# [YOUR ASSIGNMENT]
In the material below, the required lines run from the one containing "蓮は水が揚がらないので、専用のポンプで無理矢理水を押し込んで揚げてあげるのです。 私が凄いのではなく、道具が凄いのです。 |" through the one containing "Framilastic T6 is". Copy those lines exactly, ends included, and nothing else.

# [TASK INPUTS]
---------------
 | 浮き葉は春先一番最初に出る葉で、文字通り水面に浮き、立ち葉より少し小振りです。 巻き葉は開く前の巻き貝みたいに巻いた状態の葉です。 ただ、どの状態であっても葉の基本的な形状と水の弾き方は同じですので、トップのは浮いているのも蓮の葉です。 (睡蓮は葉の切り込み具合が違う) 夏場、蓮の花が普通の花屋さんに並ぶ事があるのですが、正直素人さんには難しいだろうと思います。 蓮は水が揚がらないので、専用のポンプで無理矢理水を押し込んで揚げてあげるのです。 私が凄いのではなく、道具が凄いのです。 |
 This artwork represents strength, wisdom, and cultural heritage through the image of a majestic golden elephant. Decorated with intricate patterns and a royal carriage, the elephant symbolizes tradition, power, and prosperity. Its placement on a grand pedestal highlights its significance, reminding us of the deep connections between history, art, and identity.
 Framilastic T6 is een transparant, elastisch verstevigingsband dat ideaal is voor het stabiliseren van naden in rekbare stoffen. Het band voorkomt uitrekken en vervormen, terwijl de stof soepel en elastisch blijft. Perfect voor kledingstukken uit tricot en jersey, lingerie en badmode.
---------------
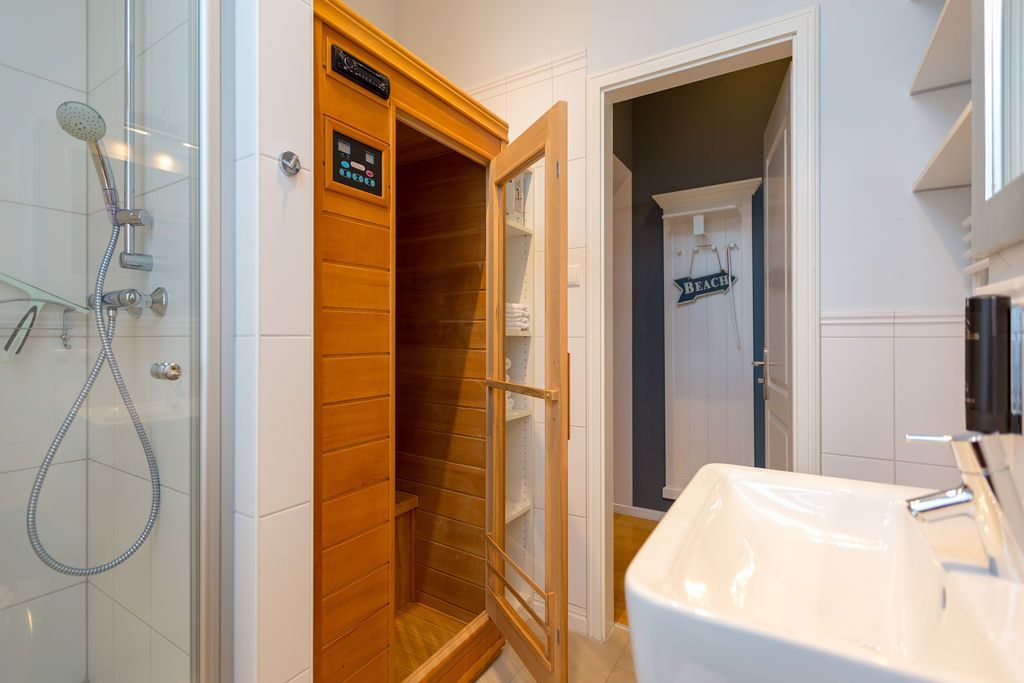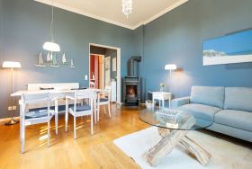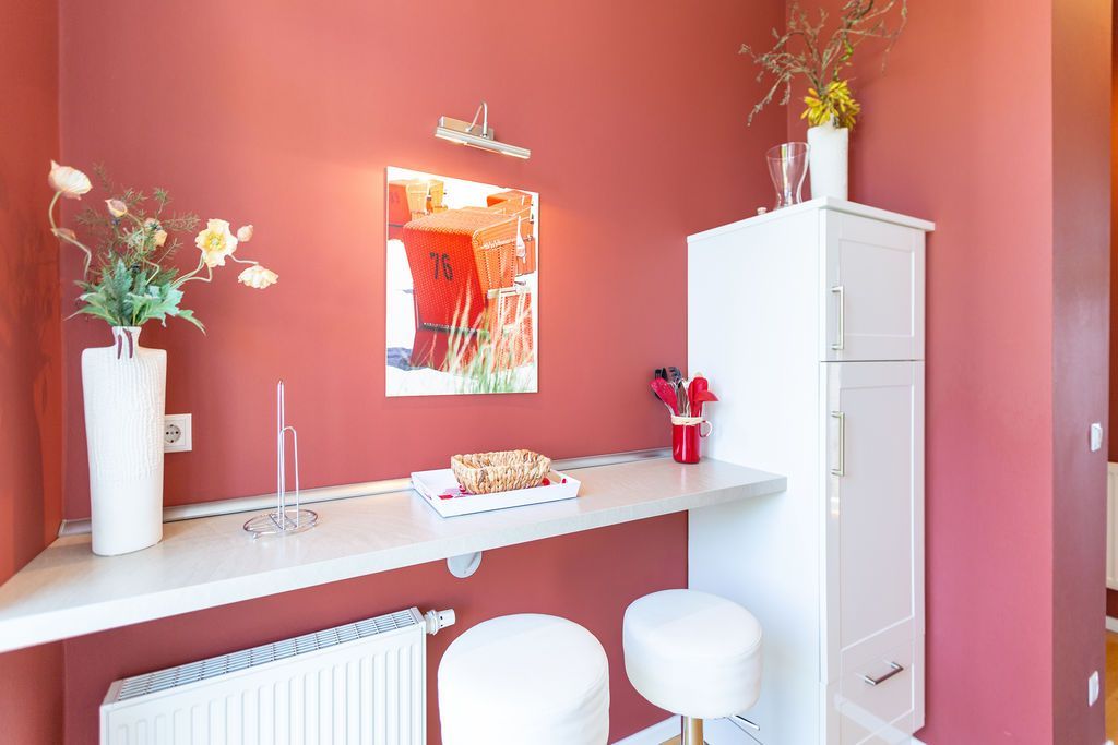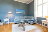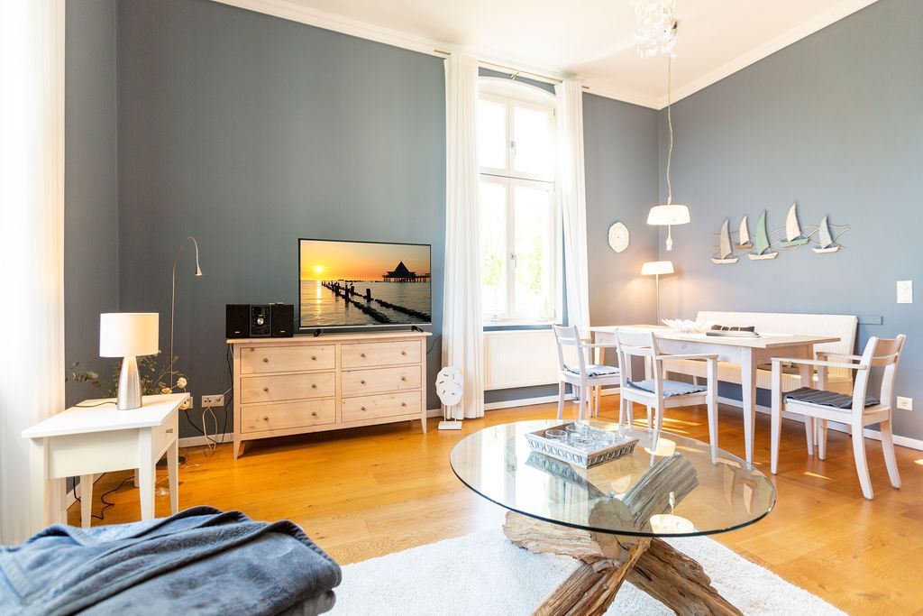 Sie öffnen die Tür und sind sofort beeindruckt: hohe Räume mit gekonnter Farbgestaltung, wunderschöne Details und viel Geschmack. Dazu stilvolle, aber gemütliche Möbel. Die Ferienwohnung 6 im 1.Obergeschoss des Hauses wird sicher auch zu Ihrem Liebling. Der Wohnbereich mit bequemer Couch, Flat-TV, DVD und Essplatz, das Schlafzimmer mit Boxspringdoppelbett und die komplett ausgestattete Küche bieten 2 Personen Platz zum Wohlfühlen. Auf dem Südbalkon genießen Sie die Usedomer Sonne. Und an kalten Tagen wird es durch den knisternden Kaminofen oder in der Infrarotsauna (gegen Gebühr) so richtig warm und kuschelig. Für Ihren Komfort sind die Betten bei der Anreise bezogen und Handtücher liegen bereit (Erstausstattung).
---------------
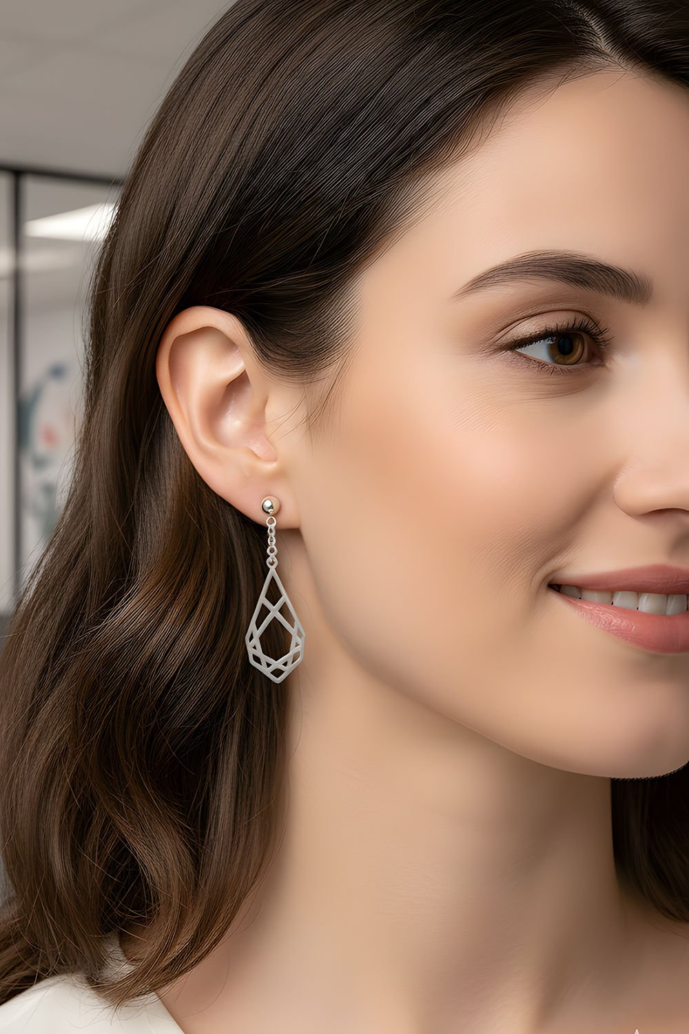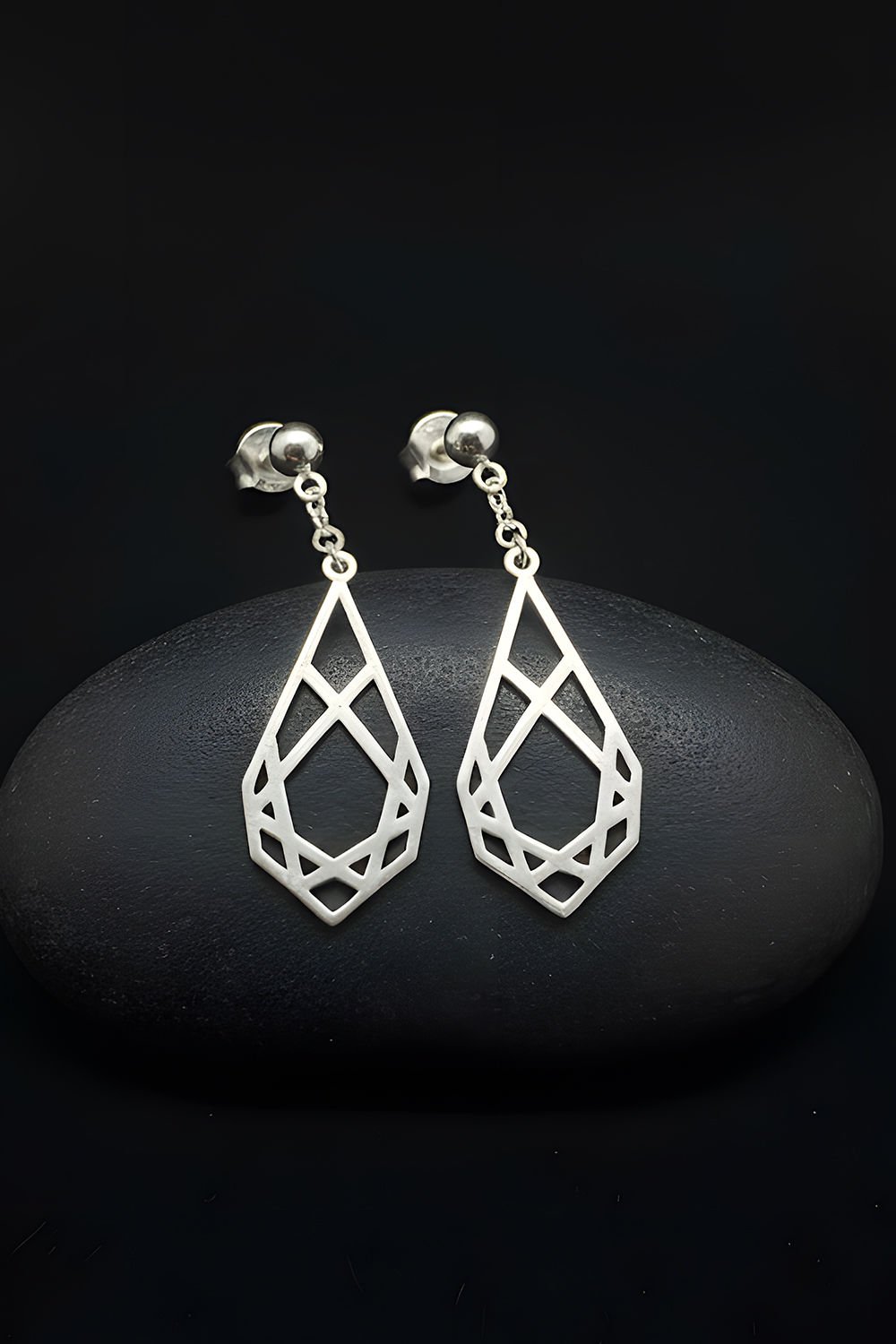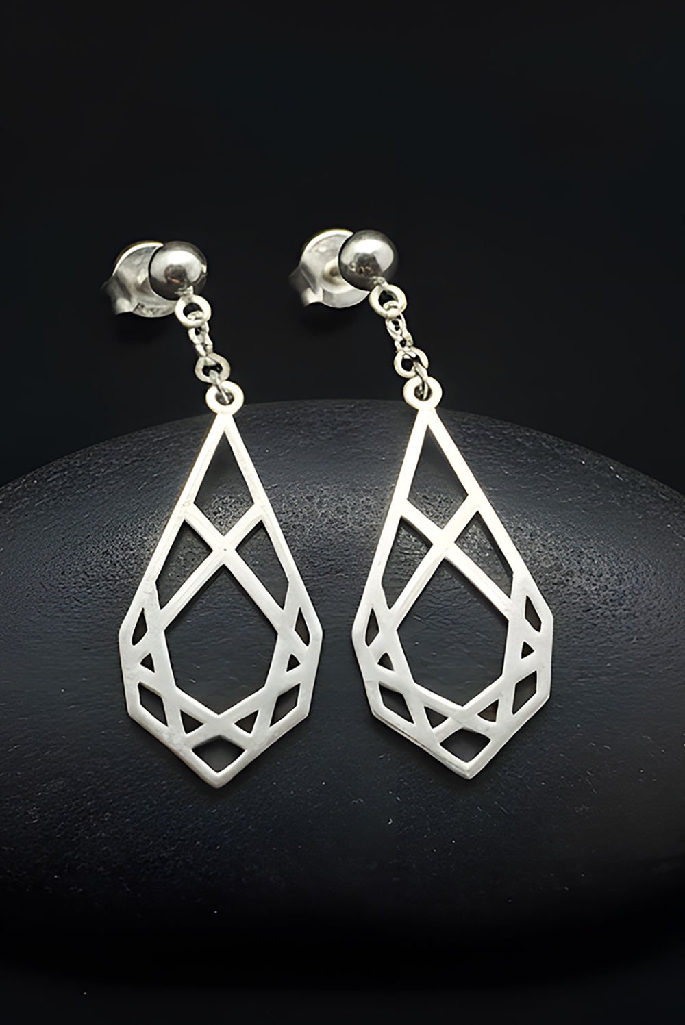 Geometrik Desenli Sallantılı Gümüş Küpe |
---------------
# [REPLY]
 | 浮き葉は春先一番最初に出る葉で、文字通り水面に浮き、立ち葉より少し小振りです。 巻き葉は開く前の巻き貝みたいに巻いた状態の葉です。 ただ、どの状態であっても葉の基本的な形状と水の弾き方は同じですので、トップのは浮いているのも蓮の葉です。 (睡蓮は葉の切り込み具合が違う) 夏場、蓮の花が普通の花屋さんに並ぶ事があるのですが、正直素人さんには難しいだろうと思います。 蓮は水が揚がらないので、専用のポンプで無理矢理水を押し込んで揚げてあげるのです。 私が凄いのではなく、道具が凄いのです。 |
 This artwork represents strength, wisdom, and cultural heritage through the image of a majestic golden elephant. Decorated with intricate patterns and a royal carriage, the elephant symbolizes tradition, power, and prosperity. Its placement on a grand pedestal highlights its significance, reminding us of the deep connections between history, art, and identity.
 Framilastic T6 is een transparant, elastisch verstevigingsband dat ideaal is voor het stabiliseren van naden in rekbare stoffen. Het band voorkomt uitrekken en vervormen, terwijl de stof soepel en elastisch blijft. Perfect voor kledingstukken uit tricot en jersey, lingerie en badmode.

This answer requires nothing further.